Prediction of thermal conductivity for irradiated SiC/SiC composites by informing continuum models with molecular dynamics data

Abstract

This article proposes a new method to estimate the thermal conductivity of SiC/SiC composites subjected to neutron irradiation. The modeling method bridges different scales from the atomic scale to the scale of a 2D SiC/SiC composite. First, it computes the irradiation-induced point defects in perfect crystalline SiC using molecular dynamics (MD) simulations to compute the defect thermal resistance as a function of vacancy concentration and irradiation dose. The concept of defect thermal resistance is explored explicitly in the MD data using vacancy concentrations and thermal conductivity decrements due to phonon scattering. Point defect-induced swelling for chemical vapor deposited (CVD) SiC as a function of irradiation dose is approximated by scaling the corresponding MD results for perfect crystal β-SiC to experimental data for CVD-SiC at various temperatures.

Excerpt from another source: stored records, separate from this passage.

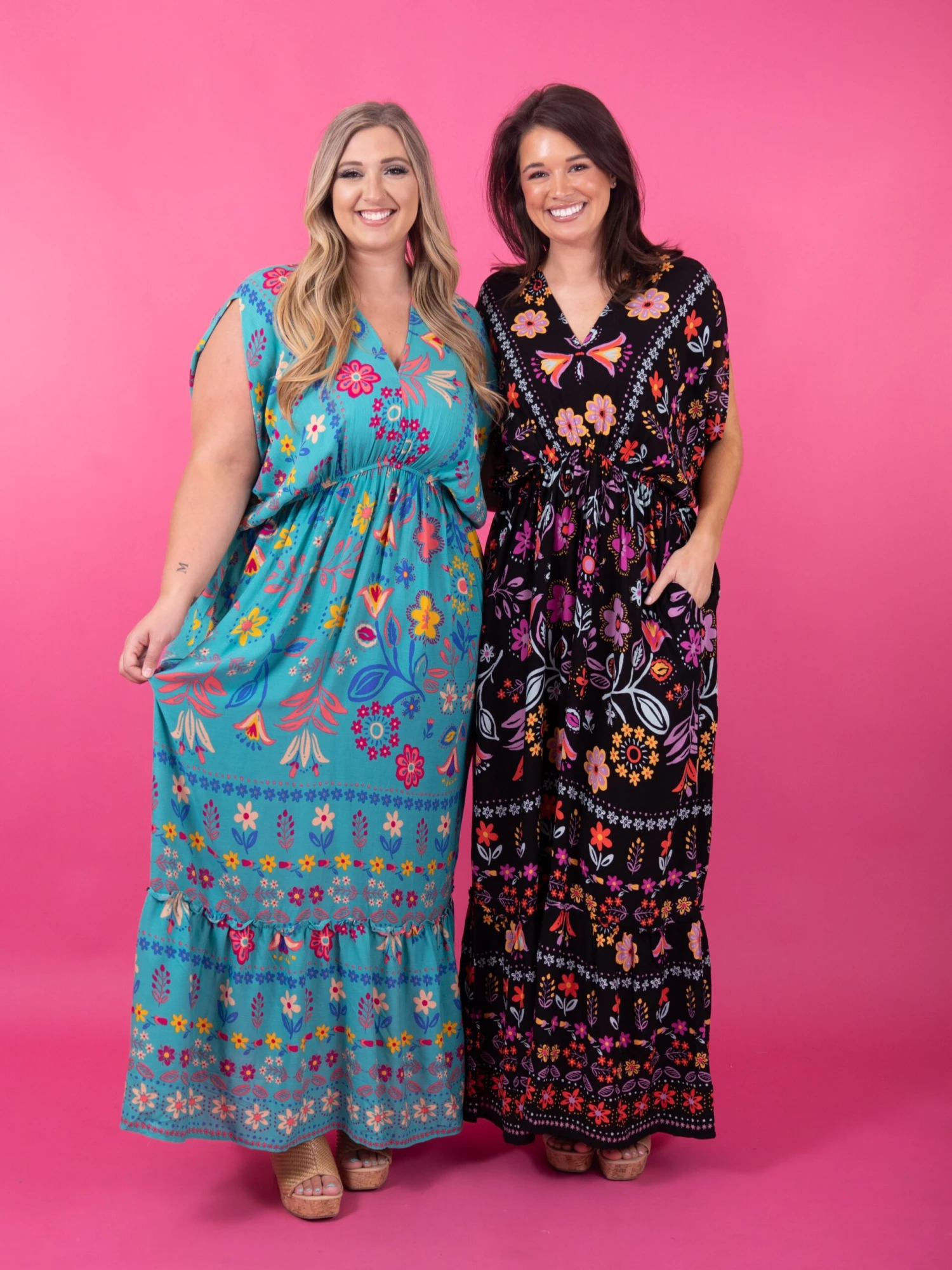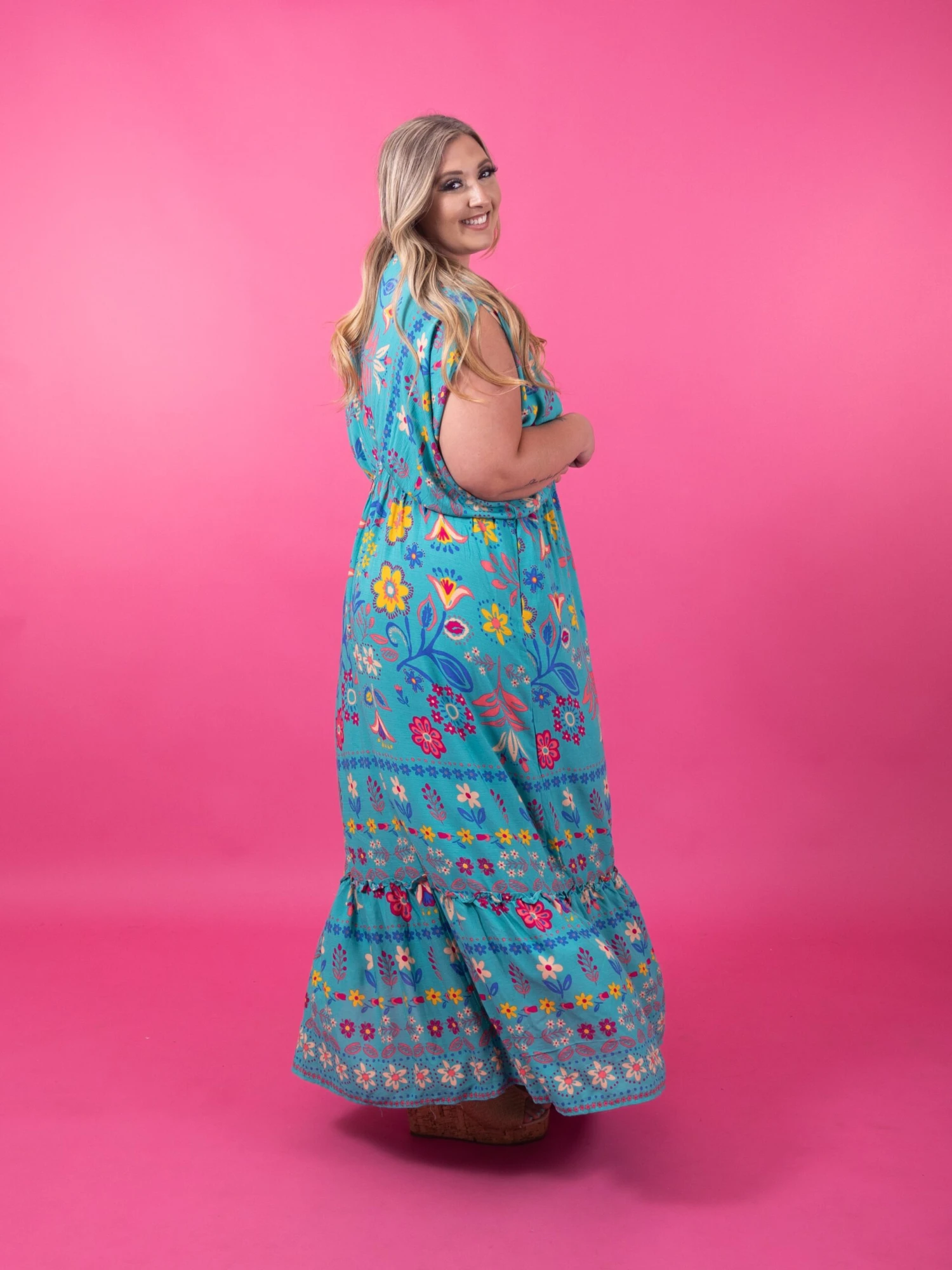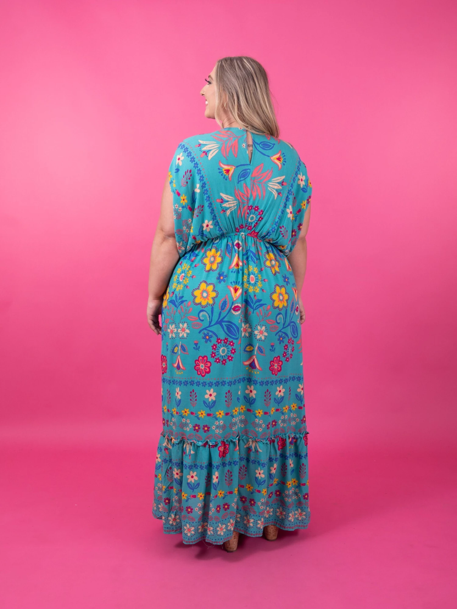 Features: Dolman Sleeves, V-Neck, Tiered, Print, Pockets
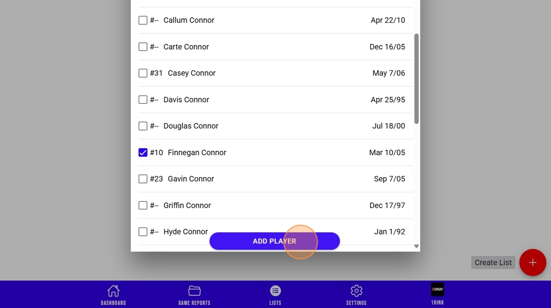 9. Select the players you would like to add.
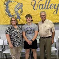 From left: Terri Gregory, Scholarship Committee Treasurer, Jerrett Jones, 2025 Scholarship Recipient and David Adkins, Scholarship Committee Chair are pictured at the Valley Alumni Annual Banquet on Saturday, June 28, 2025.
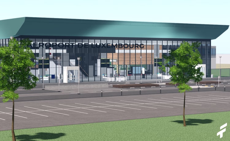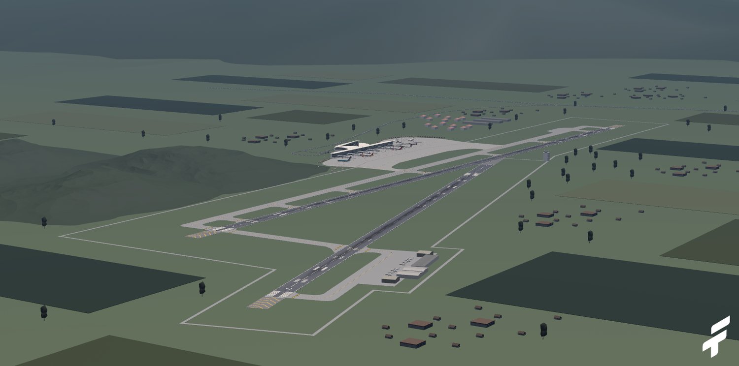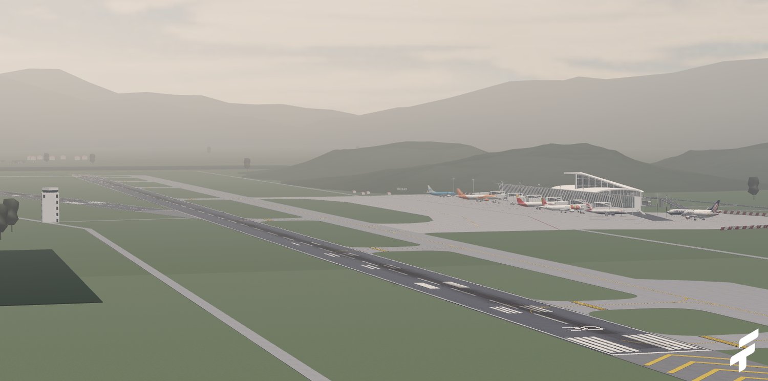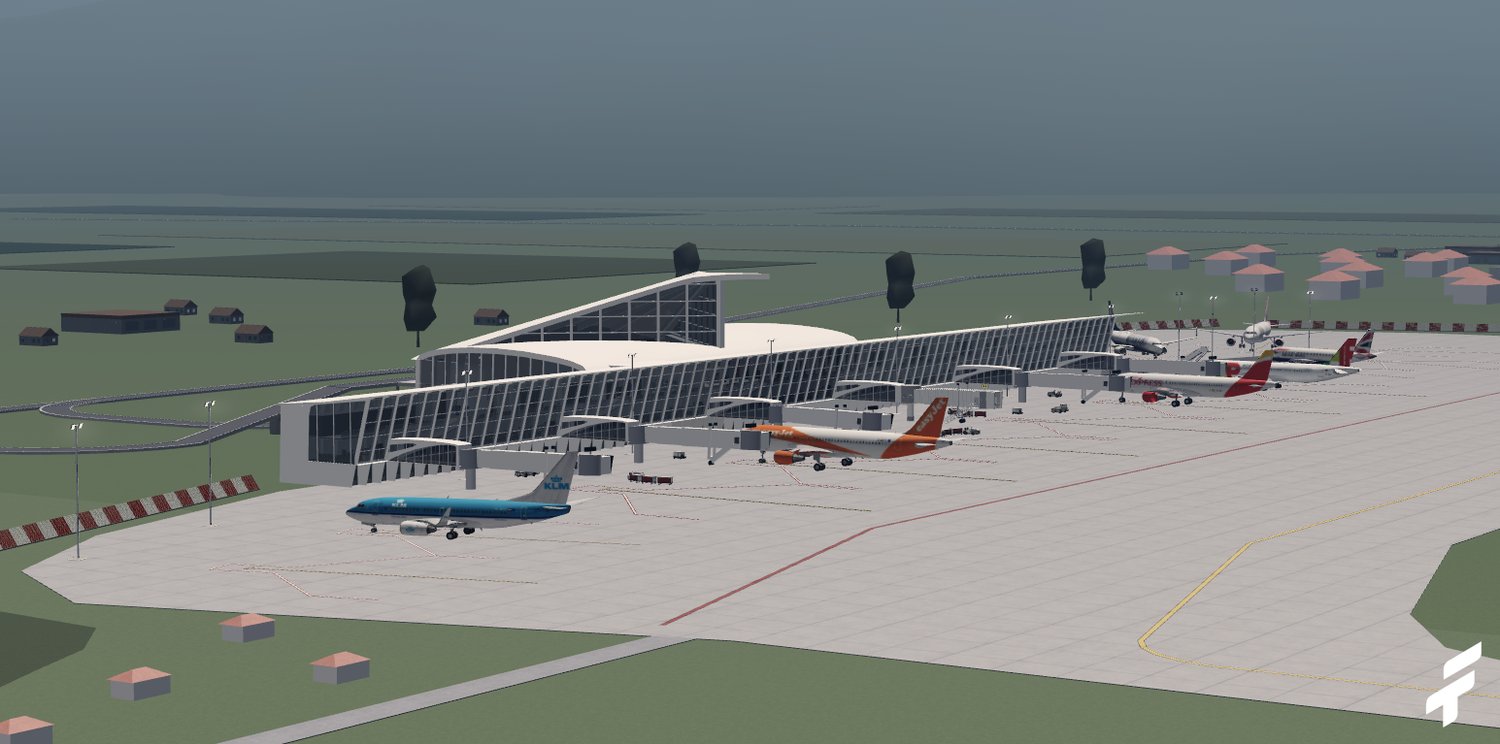 -Detailed interior with check-in, security, gate areas, airport stores, and a basic lounge.

The computed thermal defect resistance, thermal conductivity as a function of grain size, and definition of defect thermal resistance are used to compute the thermal conductivities of CVD-SiC, isothermal chemical vapor infiltrated (ICVI) SiC and nearly-stoichiometric SiC fibers. The computed fiber and ICVI-SiC matrix thermal conductivities are then used as input for an Eshelby–Mori–Tanaka approach to compute the thermal conductivities of 2D SiC/SiC composites subjected to neutron irradiation within the same irradiation doses. Predicted thermal conductivities for an irradiated Tyranno-SA/ICVI-SiC composite are found to be comparable to available experimental data for a similar composite ICVI-processed with these fibers.